(Source records)

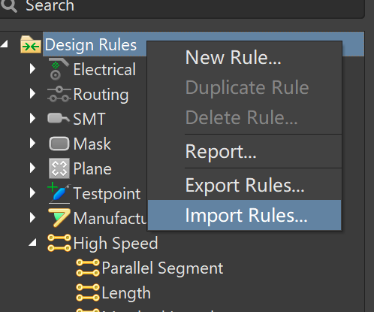 4. 打開一個需要導入規則的PCB文件,打開PCB規則及約束編輯器,在左邊規則項區域內右擊,執行Import Rules
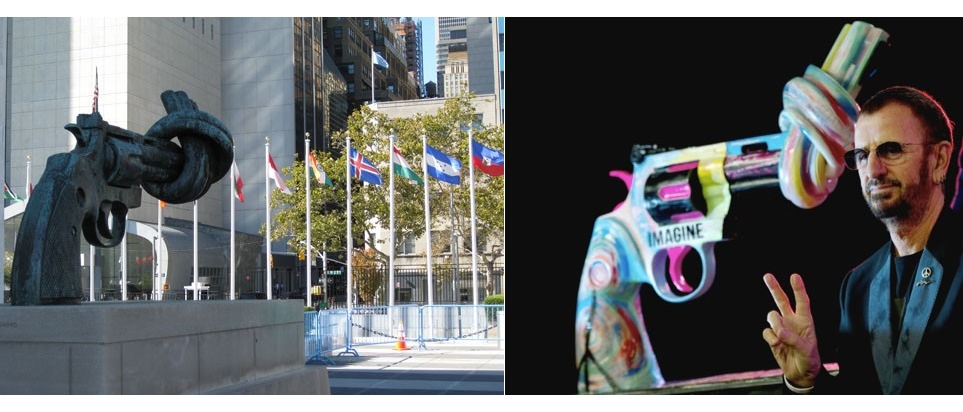 "Imagine"; der Song, der John Lennon in der Musikwelt und für seine Fans unsterblich machte. Obwohl Lennon selbst, am 8. Dezember 1980, Opfer eines Attentats wurde. Ihm zu Gedenken schuf sein Freund, der schwedische Künstler Carl Frederik Reuterswärd, die berühmte "Knotted Gun"-Skulptur, den Revolver mit dem verknoteten Lauf, der als weltweites Symbol gegen Gewalt vor der Zentrale der Vereinten Nationen steht. 30 Replikate stehen an weltweit strategischen Plätzen (In Deutschland beim Kanzleramt in Berlin).
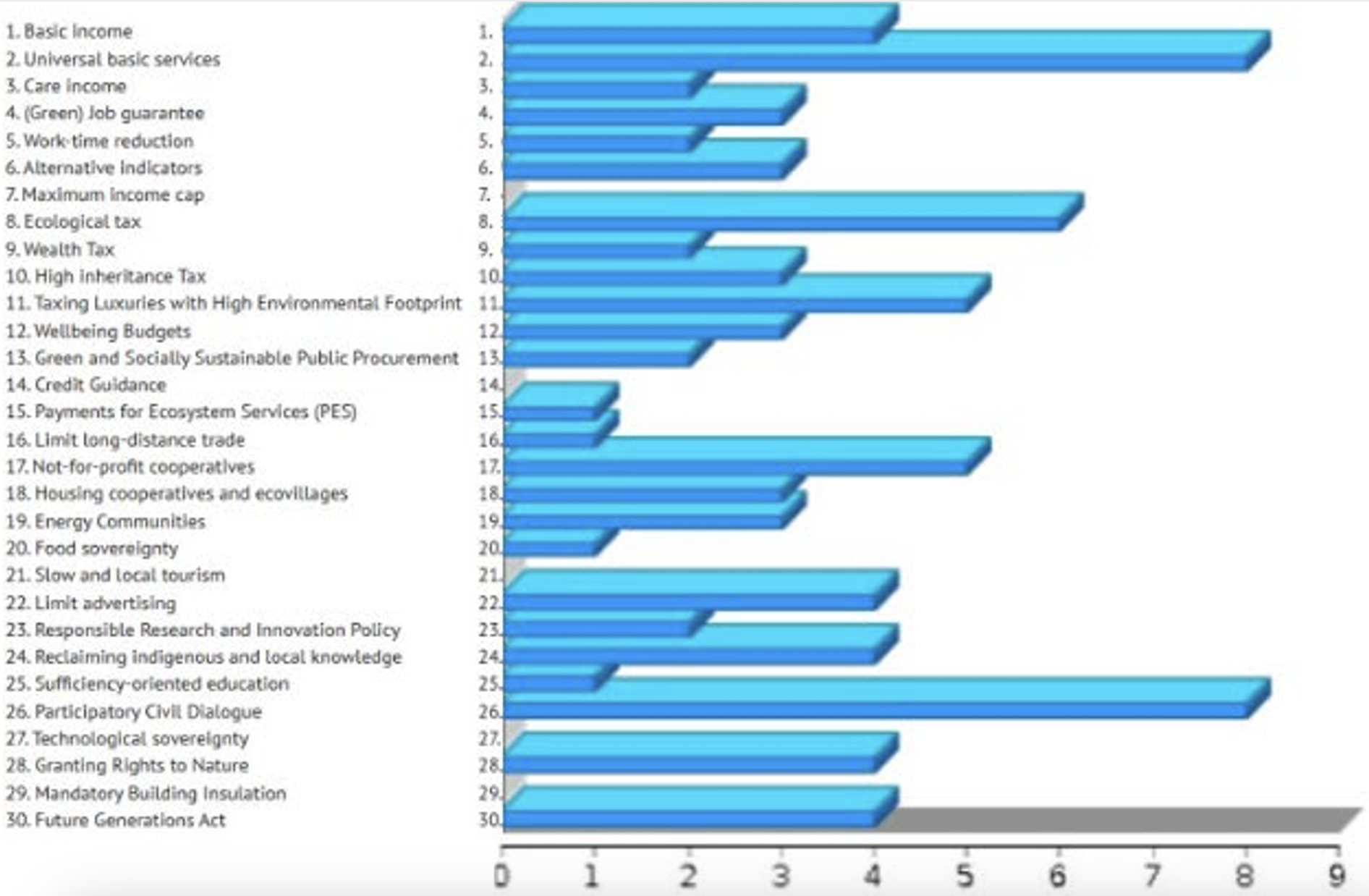 Ezek közül a legfontosabb intézkedésnek a részvételi polgári párbeszédet választották, azonban népszerűek voltak még a felelősségteljes kutatási és innovációs politika, a vagyonadó, az ökológiai adó, az általános alapszolgáltatások és az őslakosok és a helyi lakosság tudásának visszaszerzése is.
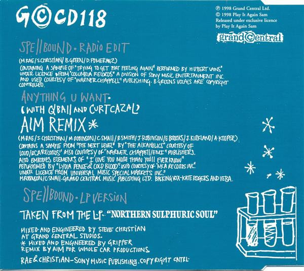 Track 1 containing a sample of ‘Trying To Get That Feeling Again’ performed by Hubert Laws under license from Columbia Records a division of Sony Music Entertainment Inc. and used courtesy of Warner Chappell Publishing. B. Green’s vocals are copyright controlled. Track 2 contains a sample from ‘The Next Level’ by ‘The Alkaholics’ courtesy of Loud/RCA Records, also courtesy of Warner Chappell/EMI Publishers. Also embodies elements of ‘I Love You More Than You’ll Ever Know’ performed by ‘Lydia Pense & Cold Blood’ used courtesy of MCA Records, Inc. under license of Universal Music Special Markets Inc. M. Robinson/C. Small Grand Central Music Publishing Ltd. Track 1 and 3 mixed and engineered at Grand Central Studios. Track 2 remixed for Whole Car Productions. Rae & Christian – Sony Music Publishing Copyright Control.
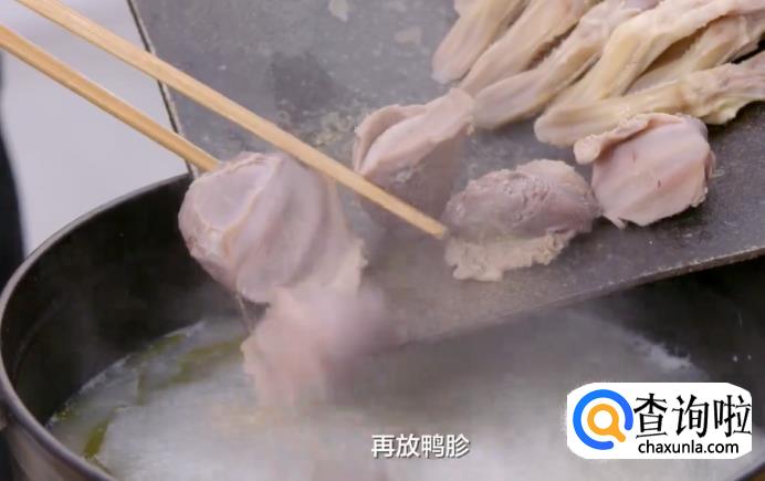 接着再放鸭胗和鸭舌,继续炖煮10分钟。煮好之后,将食材取出,放入凉水里降温。
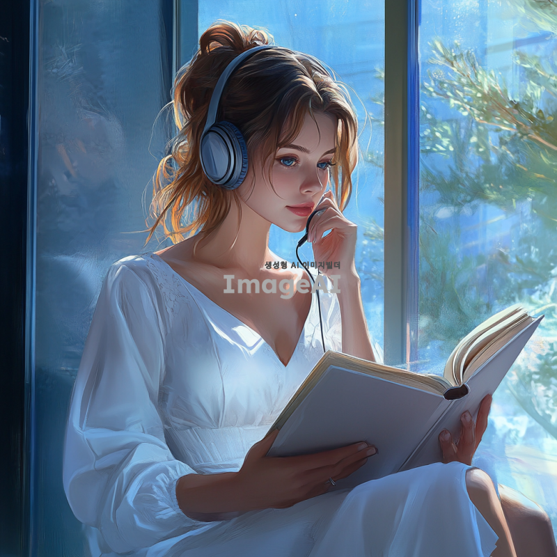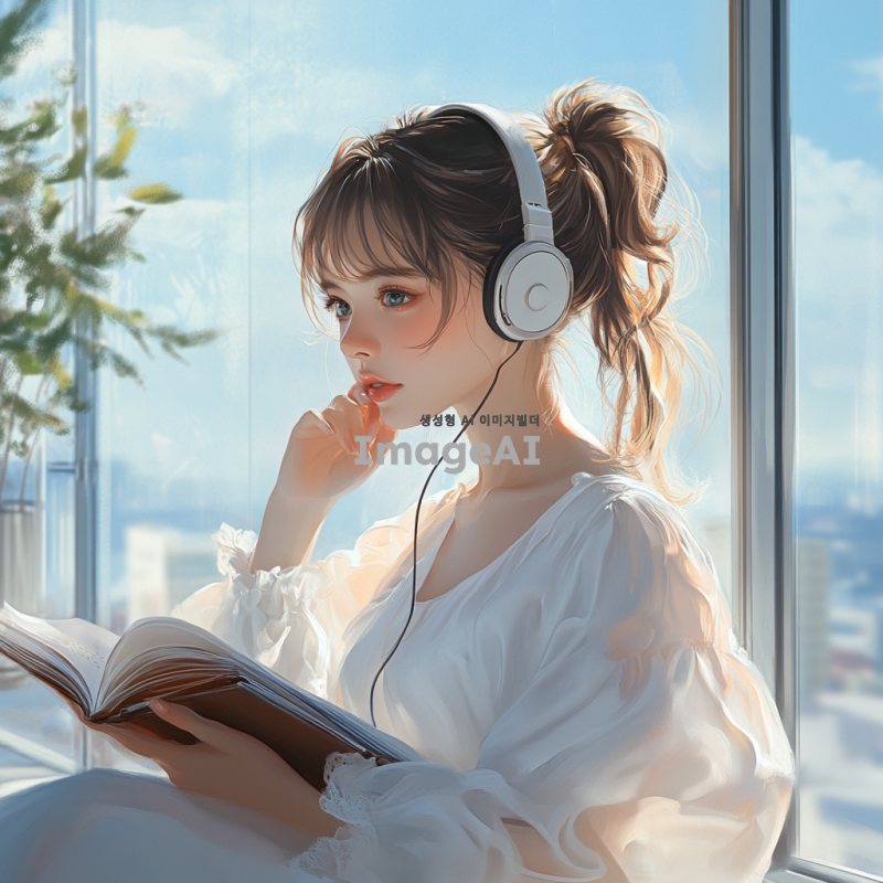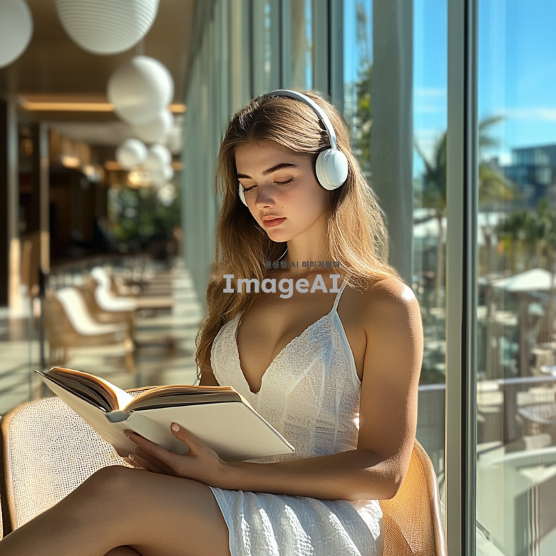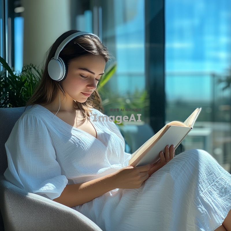 마이크가 달린 헤드폰을 쓰고 흰 원피스를 입은, 오전의 통유리 창가에 앉아 있는 밝은 갈색 머리와 짙은 남색 눈동자를 가진 20살 여성의 모습. 자연광이 들어오는 공간에서 여유롭게 책을 보며 통화하는 듯한 분위기. 배경은 현대적인 인테리어로 꾸며져 있으며, 창밖에는 푸른 하늘과 햇살이 비치는 풍경이 보인다.
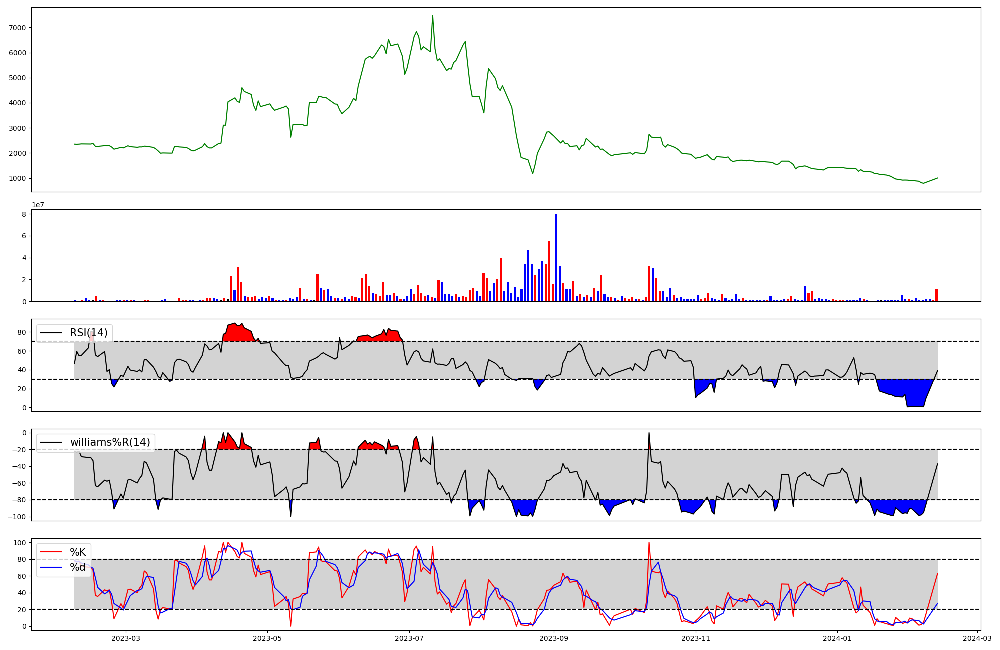 | RSI | Williams %R | stochastic(%K) | |
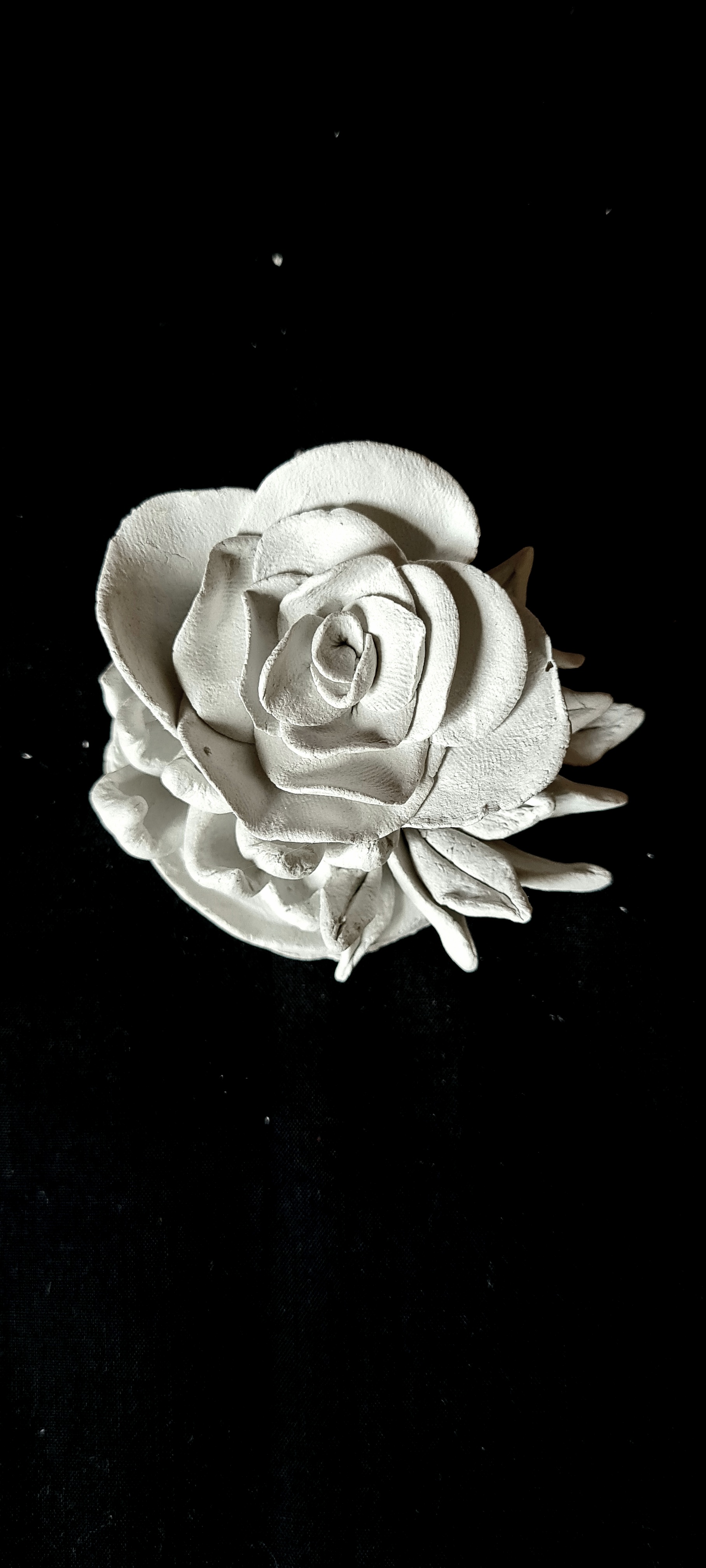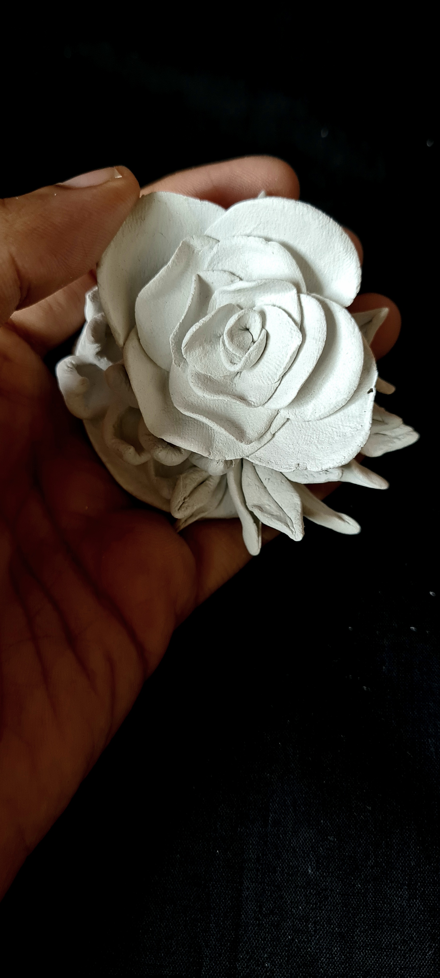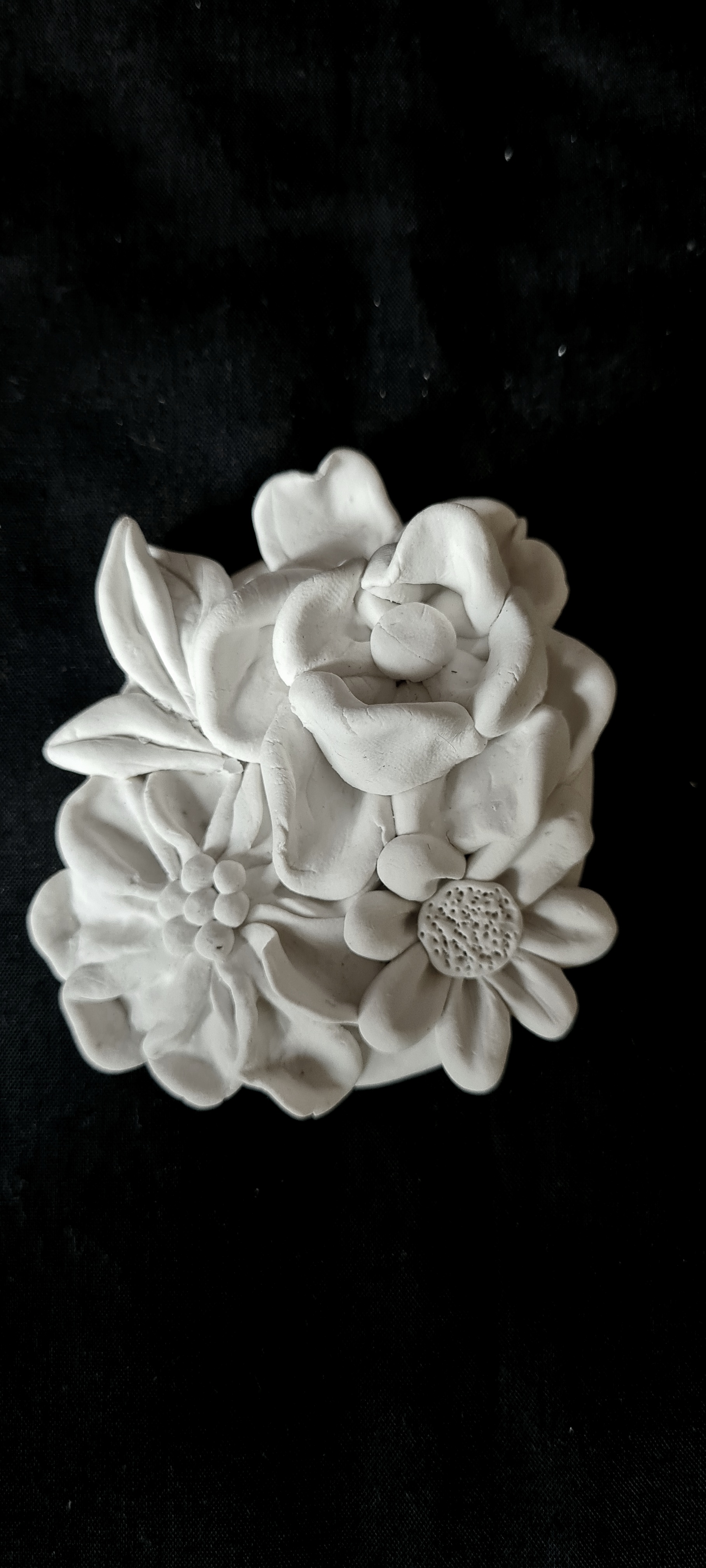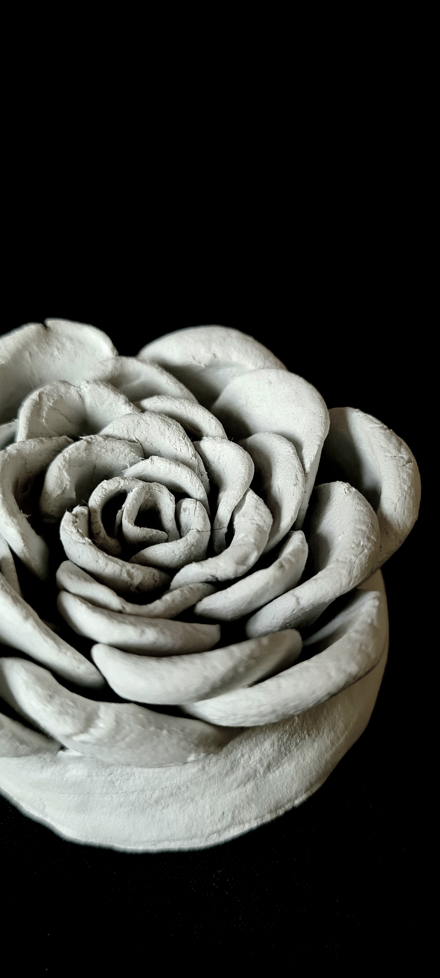 The artist has always been inspired by classical white marble sculptures from the Greek and Romans. This monchromatic collection of sculptured white flowers from clay gets its inspiration from that fascination. The artist does not have a lot of experience with sculpture so this collection was a fun and experimental expression of her love for nature and themes relating to growth, life and death.

**TASK TO COMPLETE**
The pictures in the entries above should be left out; all else must be copied exactly.

**WRITTEN ANSWER**
 4. 打開一個需要導入規則的PCB文件,打開PCB規則及約束編輯器,在左邊規則項區域內右擊,執行Import Rules
 "Imagine"; der Song, der John Lennon in der Musikwelt und für seine Fans unsterblich machte. Obwohl Lennon selbst, am 8. Dezember 1980, Opfer eines Attentats wurde. Ihm zu Gedenken schuf sein Freund, der schwedische Künstler Carl Frederik Reuterswärd, die berühmte "Knotted Gun"-Skulptur, den Revolver mit dem verknoteten Lauf, der als weltweites Symbol gegen Gewalt vor der Zentrale der Vereinten Nationen steht. 30 Replikate stehen an weltweit strategischen Plätzen (In Deutschland beim Kanzleramt in Berlin).
 Ezek közül a legfontosabb intézkedésnek a részvételi polgári párbeszédet választották, azonban népszerűek voltak még a felelősségteljes kutatási és innovációs politika, a vagyonadó, az ökológiai adó, az általános alapszolgáltatások és az őslakosok és a helyi lakosság tudásának visszaszerzése is.
 Track 1 containing a sample of ‘Trying To Get That Feeling Again’ performed by Hubert Laws under license from Columbia Records a division of Sony Music Entertainment Inc. and used courtesy of Warner Chappell Publishing. B. Green’s vocals are copyright controlled. Track 2 contains a sample from ‘The Next Level’ by ‘The Alkaholics’ courtesy of Loud/RCA Records, also courtesy of Warner Chappell/EMI Publishers. Also embodies elements of ‘I Love You More Than You’ll Ever Know’ performed by ‘Lydia Pense & Cold Blood’ used courtesy of MCA Records, Inc. under license of Universal Music Special Markets Inc. M. Robinson/C. Small Grand Central Music Publishing Ltd. Track 1 and 3 mixed and engineered at Grand Central Studios. Track 2 remixed for Whole Car Productions. Rae & Christian – Sony Music Publishing Copyright Control.
 接着再放鸭胗和鸭舌,继续炖煮10分钟。煮好之后,将食材取出,放入凉水里降温。
 마이크가 달린 헤드폰을 쓰고 흰 원피스를 입은, 오전의 통유리 창가에 앉아 있는 밝은 갈색 머리와 짙은 남색 눈동자를 가진 20살 여성의 모습. 자연광이 들어오는 공간에서 여유롭게 책을 보며 통화하는 듯한 분위기. 배경은 현대적인 인테리어로 꾸며져 있으며, 창밖에는 푸른 하늘과 햇살이 비치는 풍경이 보인다.
 | RSI | Williams %R | stochastic(%K) | |
 The artist has always been inspired by classical white marble sculptures from the Greek and Romans. This monchromatic collection of sculptured white flowers from clay gets its inspiration from that fascination. The artist does not have a lot of experience with sculpture so this collection was a fun and experimental expression of her love for nature and themes relating to growth, life and death.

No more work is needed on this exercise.